Roman Catholic church in Italy

Basilica di Santa Maria Assunta (Basilica Patriarcale di Santa Maria Assunta) is the principal church in the town of Aquileia, in the Province of Udine and the region of Friuli-Venezia Giulia, Italy.

The original church dates back to the fourth century. The current basilica was built in the eleventh century and partially rebuilt again in the thirteenth century. It is located on Via Sacra, overlooking the Piazza del Capitolo, along with the campanile and baptistery.

==Architecture==
The façade, in Romanesque-Gothic style, is connected by a portico to the so-called Church of the Pagans, and the remains of the 5th-century baptistery. The interior has a nave and two aisles, with a noteworthy mosaic pavement from the 4th century. The wooden ceiling is from 1526, while the fresco decoration belongs to various ages: from the 4th century in the St. Peter's chapel of the apse area; from the 11th century in the apse itself; from the 12th century in the so-called "Crypt of the Frescoes", under the presbytery, with a cycle depicting the origins of Christianity in Aquileia and the history of St. Hermagoras, first bishop of the city.
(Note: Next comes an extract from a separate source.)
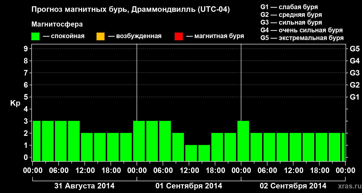 Прогноз магнитных бурь в Драммондвилле — 31 августа 2014 года

Next to the 11th-century Romanesque chapel of the Holy Sepulchre, at the beginning of the left aisle, flooring of different ages can be seen: the lowest is from a Roman villa of the age of Augustus; the middle one has a typical cocciopesto pavement; the upper one, bearing blackening from Attila's fire, has geometrical decorations.

Externally, behind the 9th-century campanile and the apse, is the Cemetery of the Fallen, where ten unnamed soldiers of World War I are buried. Maria Bergamas is also buried there. She lost her son in World War I and she made the selection of the body of the Unknown Soldier of Italy. Saint Hermagoras is also buried there.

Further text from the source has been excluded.